The male non-recombining region (MSY) consists of a long and short arm connected by a centromere. The short arm itself includes the SRY, ZFY/ZFX regions determining testis development and differentiation. As for the long arm, it contains the AZFa, AZFb, and AZFc regions. Spermatogenesis begins in the AZFa region, continues in the AZFb and ends in the AZFc. These regions are important for normal spermatogenesis. That is why deletions in the AZF region are the most frequent genetic factor in spermatogenesis disorders.

At Gemonics, YCM screening is performed through PCR amplification. According to the European Academy of Andrology (EAA) guidelines, the PCR reaction should utilize specific sequence-tagged sites (STS) surrounding regions of the Y chromosome that are commonly deleted in oligospermic and azoospermic men.

To promote the sensitivity of the analysis, two STS should be amplified in each region. The Y chromosome deletion test is based on the principle of reverse hybridization and detects mutations in 5 regions. Namely: AZFa, AZFb and AZFc, as well as sections of the short arm of the Y chromosome – SRY and ZFY. The Y chromosome deletion test is based on the principle of reverse hybridization and detects mutations in 5 regions, namely: AZFa, AZFb, and AZFc, as well as the SRY and ZFY regions of the Y chromosome short arm.

The test results show:

Presence/absence of 6 STS (sequence tagged sites).
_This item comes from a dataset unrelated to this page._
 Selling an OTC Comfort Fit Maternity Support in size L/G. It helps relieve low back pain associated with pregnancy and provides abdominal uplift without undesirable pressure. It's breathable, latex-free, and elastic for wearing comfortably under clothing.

These sequences are found in all three regions (AZFa, AZFb, AZFc) of azoospermia factor (AZF) that are required for normal spermatogenesis.

  • AZFa (sY84; sY86) – AZFa microdeletion can cause complete azoospermia and/or testicular fibrosis;
  • AZFb (sY127; sY134) – AZFb is associated with the initiation of the meiosis phase during spermatogenesis, so in case of microdeletion the process may stop at this stage;
  • AZFc (sY254; sY255) – AZFc is the most frequent microdeletion among AZFs. It is the cause of many clinical and histological phenotypes.
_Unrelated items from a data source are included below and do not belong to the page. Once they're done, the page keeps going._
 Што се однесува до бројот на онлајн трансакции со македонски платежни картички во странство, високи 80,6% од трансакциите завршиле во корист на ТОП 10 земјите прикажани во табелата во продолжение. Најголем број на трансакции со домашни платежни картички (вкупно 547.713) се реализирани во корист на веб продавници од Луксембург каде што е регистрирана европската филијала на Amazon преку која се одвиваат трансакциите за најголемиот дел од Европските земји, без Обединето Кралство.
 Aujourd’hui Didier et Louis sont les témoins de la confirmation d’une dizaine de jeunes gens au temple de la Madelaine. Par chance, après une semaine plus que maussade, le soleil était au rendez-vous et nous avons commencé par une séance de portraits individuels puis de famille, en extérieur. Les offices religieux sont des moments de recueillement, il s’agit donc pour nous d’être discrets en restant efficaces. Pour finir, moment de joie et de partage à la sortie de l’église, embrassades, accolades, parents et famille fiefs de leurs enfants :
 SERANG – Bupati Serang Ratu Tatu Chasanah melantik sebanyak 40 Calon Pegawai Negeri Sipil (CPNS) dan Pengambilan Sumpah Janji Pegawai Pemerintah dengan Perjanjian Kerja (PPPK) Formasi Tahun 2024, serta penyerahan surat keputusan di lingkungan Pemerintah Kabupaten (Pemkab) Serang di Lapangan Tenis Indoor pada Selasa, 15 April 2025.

This test shows the presence/absence of the following two sequences:

  • ZFY (consists of homologous genes and is used in the test as a kind of control of the DNA extraction and amplification process);
  • SRY (responsible for the determination of the testis, and its mutation can cause abnormalities in the initiation of development and differentiation of the testis).

Screening for YCM in men with infertility problems is an important study, the outcome of which determines the clinical management strategy of the patient using assisted reproductive technologies (TESE, IVF, ICSI).

It should be noted that AZFc is the most frequent deletion type among all microdeletions. It accounts for 60-80% of all deletions. At the same time, in contrast to the AZFa and AZFb microdeletions, in the case of AZFc a man has the highest chances of having a biological child through assisted reproductive technologies. In cases of AZFa and AZFb microdeletions, the probability of pregnancy is very low. Therefore, the results of the YCM study can play an important role in determining the right course of treatment.

When a man has non-obstructive azoospermia (NOA), microsurgical sperm aspiration from the testicle or epididymis is considered the gold standard of treatment. In non-obstructive azoospermia caused by Y chromosome microdeletions, the rate of successful sperm retrieval depends greatly on the region of AZF that is absent. According to the studies, deletions in the AZFc region are associated with the highest sperm retrieval rate amounting to 50-80%, while in cases of AZFa and AZFb there are reported unfavorable sperm retrieval rates and clinical outcomes. Moreover, there may also be simultaneous microdeletions of several AZF regions, for example, AZFbc or AZFabc, resulting in the same unfavorable prognosis. In order to avoid ineffective surgical intervention, surgical sperm aspiration is not recommended for patients with verified presence of deletions in the AZFa, AZFb, AZFabc, or AZFbc regions.

Frequently Asked Questions

Who should undergo Y chromosome deletion screening?

The screening is recommended for men diagnosed with azoospermia (no sperm in the ejaculate) or severe oligospermia (1 million or less sperm in the ejaculate).